I mentioned at the tail end of last piece that a set of polymorphic data operators is what we want in the correctness sense, but seems like it would do poorly from the performance standpoint. It turns out that there's a bunch of options aimed at improving the performance of generic functions. There's static-dispatch, fast-generic-functions, and the archived but still available inlined-generic-function.

The operators

So, we want ==, that's obvious. But the end usability goal also probably demands lookup, insert and len.
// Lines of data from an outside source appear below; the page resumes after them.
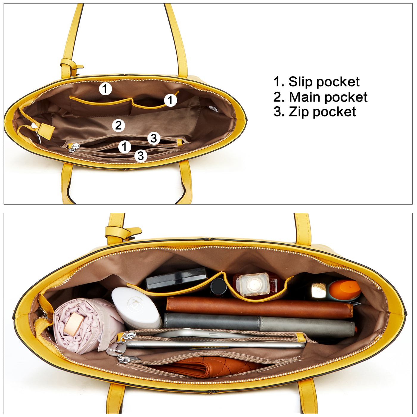 • Structure -- This leather handbag inner structure is a main zipper pocket. Including 1 zipper sandwich pocket + 2 slip pocket + 1 inner zipper pocket. Large capacity design, this tote purses can easily accommodate iPhone X, wallet, cosmetics, and other daily necessities. Perfect to use as daily handbags for working, shopping, or dating.
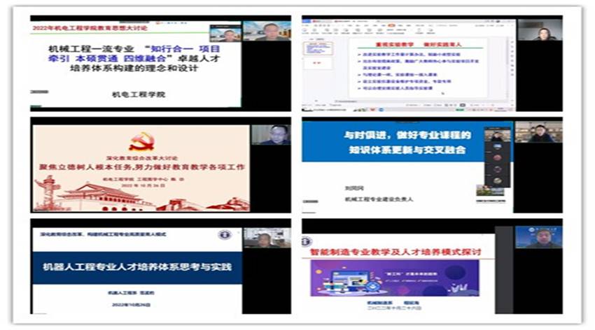 根据《“深化教育综合改革,构建高质量教育体系”黑料网 2022年教育思想大讨论实施方案》的要求,10月26日下午,黑料网 举行了线上“教育思想大讨论”总结报告活动。会议邀请了副校长卞正富、校教师教学发展中心办公室主任孙林雪以及尹文宣老师和韩奎老师两位督导专家参加。院党委书记吴松、院长王忠宾、科研副院长周公博以及设计系主任谢方伟、电子系主任刘同冈、制造系主任程延海、机器人系主任范孟豹、工程图学中心主任陈功、实验室主任杨善国、党政办主任邱洁、学工办主任邓燕飞、教学办主任张伟参加了会议。会议由教学副院长刘送永主持。
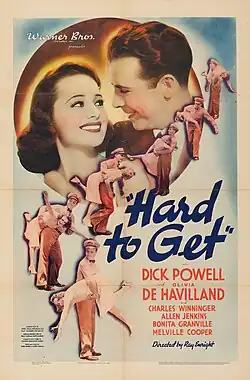 Hard to Get is a 1938 American romantic comedy film starring Dick Powell and Olivia de Havilland.[1] Written by Jerry Wald, Maurice Leo, and Richard Macaulay, and directed by Ray Enright, the film is about a spoiled young heiress who tries to charge some gasoline at an auto court and is forced by the attendant to work out her bill by making beds and cleaning rooms. Resolving to get even, she pretends to have forgiven him, and then sends him to her father to get financing for his plan to develop a string of auto courts across the country, knowing he will only be wasting his time.
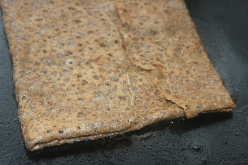 - Faites 4 crêpes sur un bilig (voir le processus ICI) ou faites-les à la poêle.
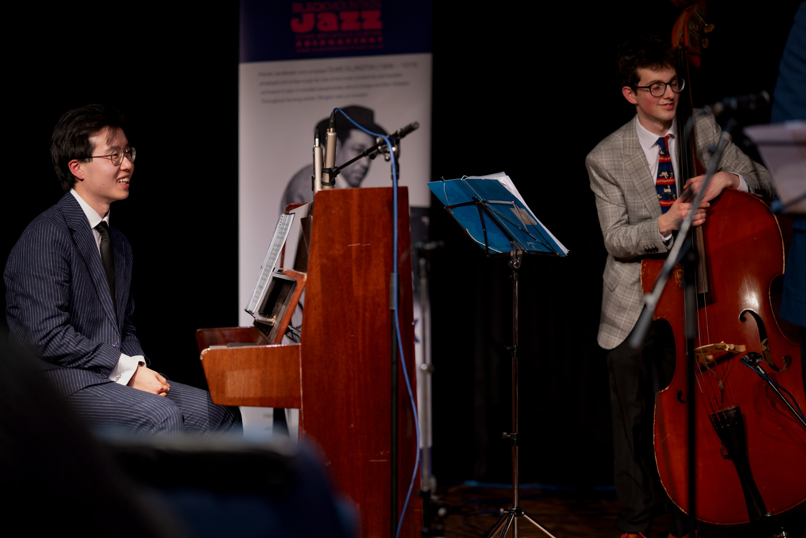 Event photography from the Patrick Barrett-Donlon Quartet at Black Mountain Jazz Club, Melville Centre, Abergavenny, on January 26, 2025. Featuring Patrick Barrett-Donlon on drums, Newman Tai on piano, Benedict Stephens on double bass, and Huw Llewellyn on trumpet. Capturing the essence of the 'Leading From The Back' performance, honoring jazz rhythm section greats.
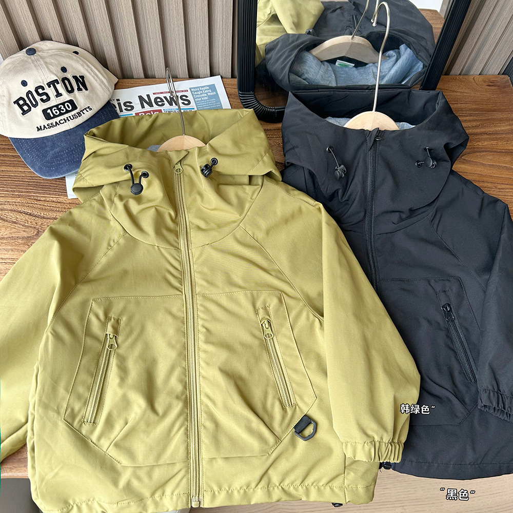 معطف بقلنسوة على الطراز الكوري للأطفال على الطراز الأجنبي سترة واقية بسحّاب قابلة للتنفس للربيع والخريف ملابس أطفال للأولاد رقيقة
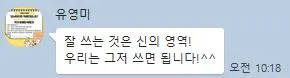밀알샘의 동료이신 해피유쌤은 우리들의 글쓰기 러닝메이트로 매일 아침 카톡방에 글쓰기와 관련된 1일 1 명언을 남겨 주셨다. 보기만 해도 힘이 나는 이러한 문구들은 매일 글쓰기 미션 수행을 가능케 하는 기폭제가 되었다. 또한 다른 선생님들의 미션 인증 글을 읽으며 나도 내 글을 밀리지 않고 써야겠다고 마음을 다잡았다. 해피유쌤 역시 최근 본인의 저서를 출간한 작가이신데 지난 8월부터 글쓰기를 시작하여 본인 스스로의 단독 저서를 2달 만에 썼다고 하셨다. 그분이 연수 첫날 해주신 말씀, "독하게 써라!" 이 말은 내 가슴에 꼭 새겨 놓고 싶다.
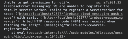 이는 firebase-messaging-sw.js 파일이 없어서 생긴 에러입니다. firebase 이벤트를 수신하기 위해서는 최상위에 firebase-messaging-sw.js를 생성하고, 여기에 서비스 워커를 정의해야 합니다. 그럼 Nuxt.js 프로젝트에서는 static 폴더에 생성해야 되겠죠? static 폴더에 firebase-messaging-sw.js 파일을 생성해 주고, 아래 내용을 입력해 주세요.
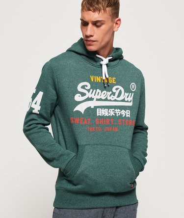 Superdry Sweat Shirt Store Hoodie für Herren. Dieses Hoodie ist ein wahres Kombitalent und ergänzt wunderbar jeden lässigen Freizeit-Look. Es präsentiert sich mit einem strukturierten Superdry Logo im Brustbereich, einem Nummernlogo am Ärmel und einer Kapuze mit Kordelzug. Gerippte Abschlüsse an Bündchen und Saum sorgen für eine figurschmeichelnde Passform. Auf der Vorderseite ist eine Tasche angebracht, in der du Schlüssel und Handy aufbewahren kannst. Die charakteristische orangefarbene Superdry Ziernaht an einer Seite und ein Superdry Etikett an der Tasche vervollständigen das Design. Dieses Hoodie lässt sich das ganze Jahr hindurch tragen und mit Jeans und Sneakern oder einer Hose und Stiefeln zu einem tollen Saison-Outfit kombinieren.

I'm leaving out some things we'll realistically want but that would be more complicated to implement¹. I want a minimal, benchmarkeabla set for my current purposes.

The naive implementations of these look like

(defgeneric == (a b))
(defgeneric lookup (container key))
(defgeneric insert (container elem))
(defgeneric len (container))

(defmethod == (a b) (equalp a b))
(defmethod == ((a number) (b number)) (= a b))
(defmethod == ((a string) (b string)) (string= a b))
(defmethod == ((a character) (b character)) (char= a b))
(defmethod == ((a symbol) (b symbol)) (eq a b))
(defmethod == ((a list) (b list)) (equal a b))
(defmethod == ((a cl-hamt:hash-dict) (b cl-hamt:hash-dict))
  (cl-hamt:dict-eq a b :value-test #'==))
(defmethod == ((a cl-hamt:hash-set) (b cl-hamt:hash-set))
  (cl-hamt:set-eq a b))

(defmethod lookup ((container list) key)
  (nth key container))
(defmethod lookup ((container hash-table) key)
  (gethash key container))
(defmethod lookup ((container cl-hamt:hash-set) key)
  (cl-hamt:set-lookup container key))
(defmethod lookup ((container cl-hamt:hash-dict) key)
  (cl-hamt:dict-lookup container key))

(defmethod insert ((container list) elem) (cons elem container))
(defmethod insert ((container hash-table) k/v)
  ;; NOTE - strictly, this should copy the hash-table in order to be functional
  ;;        Not right now.
  (setf (gethash (car k/v) container) (cdr k/v)))
(defmethod insert ((container cl-hamt:hash-dict) k/v)
  (cl-hamt:dict-insert container (car k/v) (cdr k/v)))
(defmethod insert ((container cl-hamt:hash-set) elem)
  (cl-hamt:set-insert container elem))

(defmethod len ((container list)) (length container))
(defmethod len ((container hash-table)) (hash-table-count container))
(defmethod len ((container cl-hamt:hash-set)) (cl-hamt:set-size container))
(defmethod len ((container cl-hamt:hash-dict)) (cl-hamt:dict-size container))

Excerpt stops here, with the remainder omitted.